Duplication Of Existing Unicorns

03 Jun 2020

#Mobile Development

#Startup Library

#Web Development

Business schools and technology leaders may say that it is the innovation that leads to success, but when starting a company, it is sometimes the case that slightly changing an existing idea and its implementation is both easier and more profitable than trying to create something from the very scratch.

In the tech world, the term unicorn has become a buzzword to describe a successful startup that has found its nice and profitable place in the sun and is now an example to follow for many young businesses. So the question is: Should companies try to create something from the ground up or is it better not to push the luck and duplicate something that has already proven its worth and viability – unicorns and other successful companies?

Understanding Terminology

The term unicorn stems from the venture capital industry and is used to describe a privately held startup company with a value of over $1 billion. The term was coined in 2013 by venture capitalist Aileen Lee, who chose this mythical animal as it perfectly represented the statistical rarity of such successful ventures. Generally, unicorns are those startups that combine a truly unique product, understanding when to pivot, skilled and passionate team, and quick scalability.

According to Google, as of April 2020, there were 465 unicorns, among them being Stripe, SpaceX, Airbnb, Epic Games, Instacart, and Robinhood.

Unicorns Duplication

When looking at such high-valued and pretty successful companies like Stripe and Airbnb (especially before the pandemic broke out), one may think that somehow copying their strategy and, so to speak, their walks of business may lead to a similar tremendous success. Sometimes it indeed may be the case – a German version of eBay founded by the Samwer brothers in 1999 became so successful that it was subsequently sold to eBay for over $40 million dollars – just 100 days after going live! Another example is VKontakte, a social media company founded by Pavel Durov who was inspired by the success of Facebook in the US. VKontakte quickly became the most actively used social network in Russia.

If there is a way to take advantage of already existing business patterns, there is no harm in employing them, as long as there is no intellectual property rights violation, of course. 😉

The important thing to remember, however, is that the decision to imitate a successful business has to be justified: there both should be demand for such a product, and duplicating must be more reasonable than creating something from scratch. If the prerequisites are not as good, there is no reason to get upset – there are a bunch of other ways to succeed.

Essential Factor: Development Cost

One of the most important things to consider when deciding whether to duplicate some company’s path is the cost of such a product’s development.

Quite often, entrepreneurs underestimate the cost of unicorn clone development as they think that if the technology already exists and works quite well, developing it will be a piece of cake. However, Apple, Airbnb, and Uber employ hundreds of developers for a good reason. They constantly update the product, fix bugs, and adapt it to the emerging needs. Surely, the development of a copy of such a product will cost less than that of the original one, but it won’t be cheap.

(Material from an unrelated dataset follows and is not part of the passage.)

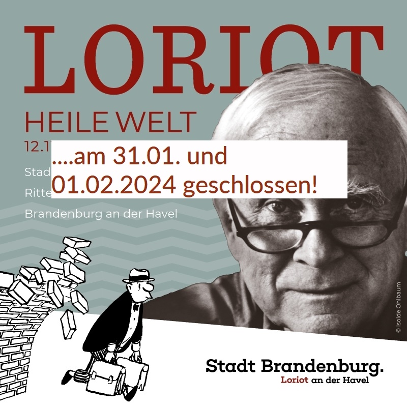 Aufgrund eines Ausfalls der Heizung ist das Stadtmuseum Brandenburg an der Havel im Frey-Haus und somit auch die Sonderausstellung „Loriot – Heile Welt“ am Mittwoch, 31. Januar 2024 und Donnerstag, 1. Februar 2024 geschlossen. Wir hoffen, dass wir Sie, unsere Besucherinnen und Besucher am Freitag, den 2. Februar 2024 zu den Öffnungszeiten von 11:00 – 17:00 Uhr wieder begrüßen können.

Another major thing to consider is that there are basically two types of developers – those that provide custom products from scratch and those delivering typical uniform solutions such as a clone of Uber for Kuwait or Zimbabwe, for example. The latter usually employ a borrowed code of quite mediocre quality.

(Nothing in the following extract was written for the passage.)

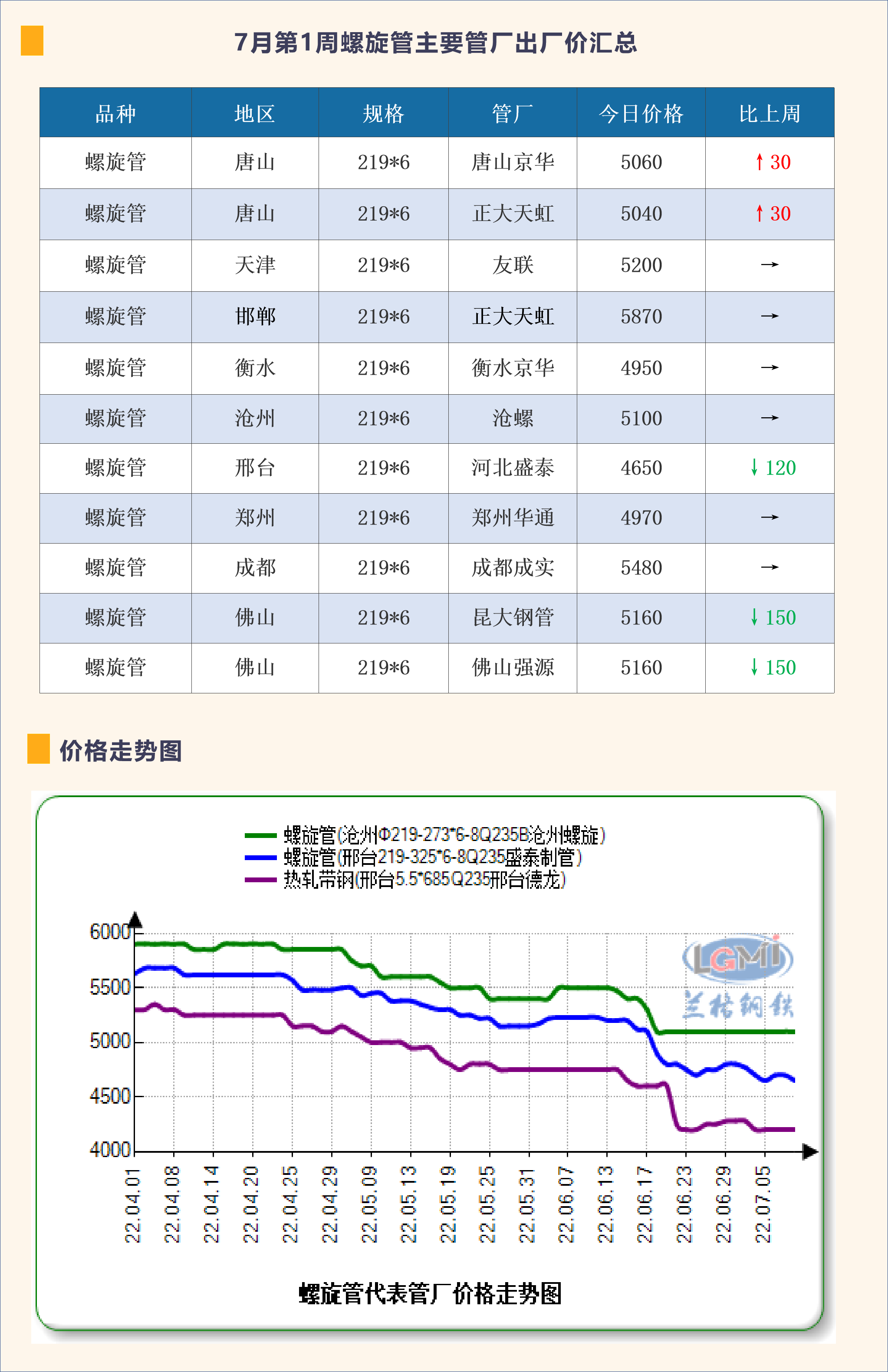 7月第1周螺旋管主要管厂出厂价汇总

As developers, we at Idealogic understand that every entrepreneur wants to reduce costs as much as possible and still get a qualitative product. But it is important not to forget about that factor of quality when asking for an overly cheap price ticket. It is usually better (and even cheaper!) to pay a little bit more at the start to get a viable working product instead of saving on what is the core of a future company and getting a low-quality result that will need a lot of fixing in the future.

Another Way Out: Finding A Niche

Unicorns and other successful companies may be good in their field – that’s why they have grown to their level, right? – but it’s surely impossible to cover just everything. There will always be segments of the population whose needs for either a product or service, or some particular feature are unmet. This is exactly where small businesses can step in and penetrate a market.

Consequently, one of the possible paths to success for small businesses is to find a niche market and try to establish a dominant position there. The company Whole Foods, for example, was well aware that the grocery industry was overly saturated, so they decided to go beyond traditional groceries and reach consumers who would likely pay a premium for the health benefits of organic food. They went green before it became mainstream and quickly became successful. The company was then bought by Amazon for almost $14 billion in cash.

Summing Up

There is no entrepreneur who doesn’t want to be successful. Everyone does. In business, there are a bunch of ways to do this – one may penetrate the market with some unprecedented innovative product while others prefer to try copying already successful ones. Of course, there is no one-size-fits-all solution as it significantly depends on the industry and the product itself. But the fact that some companies have reached the valuation of over $1 billion and are now called unicorns may indeed imply that there are some knowledge and insights to be taken from their ways of conducting business. If the timing is good and the market is ripe for such a similar solution, why not try duplicating a unicorn? If not, there is always a way to find a niche and develop something from scratch to become successful in that newly discovered market.